Город открылся путникам сразу — свежий, словно вымытый обильным и быстрым вечерним дождем, первым в эту весну. Небо мгновенно очистилось, под теплыми лучами солнца заблистали шатровые и луковичные крыши, маковки церквей, вспыхнули цветасто расписанные башенки с позолоченными и посеребренными львами, единорогами и орлами вместо флюгеров; в прозрачном воздухе весело зеленела листва огромных, на десятины раскинувшихся боярских садов, а в тишине подмосковной рощи явственно послышался далекий, разноголосый, звучный перебор московских колоколов…
— Вишь ты! — даже с растерянностью молвил Егор.
— То-то, брат, вишь! — радуясь Егоршиному восхищению, тихо ответил Иевлев. — Вон каково раскинулась…

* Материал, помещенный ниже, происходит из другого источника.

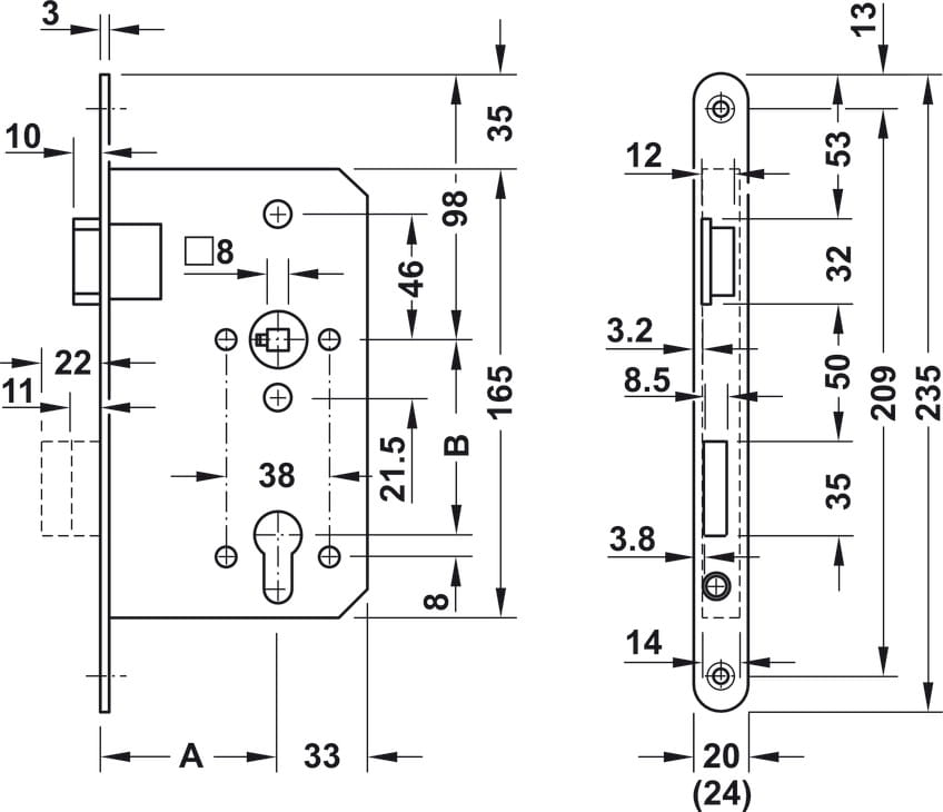 Zamek mechaniczny BMH A=55 mm "NA WKŁADKĘ" PRAWE DIN, STAL NIERDZEWNA Häfele 911.04.689

Они вылезли из дорожного возка и постояли рядом, молча вглядываясь в зубчатые стены Кремля, в стройные высокие его башни, в Китай-город, обнесенный кирпичным валом, в бегущие по городу, такие тоненькие издали Яузу, Неглинку, Пресню, Чичеру, Золотой Рожок, вслушиваясь в колокольный благовест, все более явственный в предвечерней тишине…
— Ну? Нагляделся?
— Ее враз и не оглядишь, — молвил Егорша. — Небось, объехать тоже время надобно…
— И немалое надобно, да поспеешь, управишься. Вишь, все ты жаловался, Егор, что Европу-де со стольниками изъездил, а Москвы не видал. Теперь дожил — на нее смотришь. Поклонись ей, да и поедем, не рано…
Егорша земно поклонился, опять сел в возок рядом с Сильвестром Петровичем. Утомленные длинным путем кони шли медленно, тряскую тележку вскидывало на ухабах, Сильвестр Петрович не торопясь рассказывал Егорше дальше — о Золотой орде, как злые набеги ее постепенно все жестче и кровавее разбивались о Москву, собирательницу великой Русской земли; рассказывал, как хитрые татарские ханы стравливали друг с другом русских князей и тем самым доставали себе прибытки: свары, споры и междоусобицы княжеские были на руку татарам.
Жадно слушал Егорша и про Ивана Калиту, и про Мамаево нашествие, и про сечь на Непрядве, и про то, как сложились наконец русские силы, дабы дать отпор страшному врагу, который столь долго, жестоко и глумливо истязал народ русский.
— Вот она какова, Москва! — говорил Сильвестр Петрович, пристально всматриваясь в окраины города, где — насколько видно было глазу — шли работы, похожие на те, что делались в Архангельске для спасения от шведского нашествия: копали рвы, ставили ловушки, вкапывали сосновые корявые надолбы.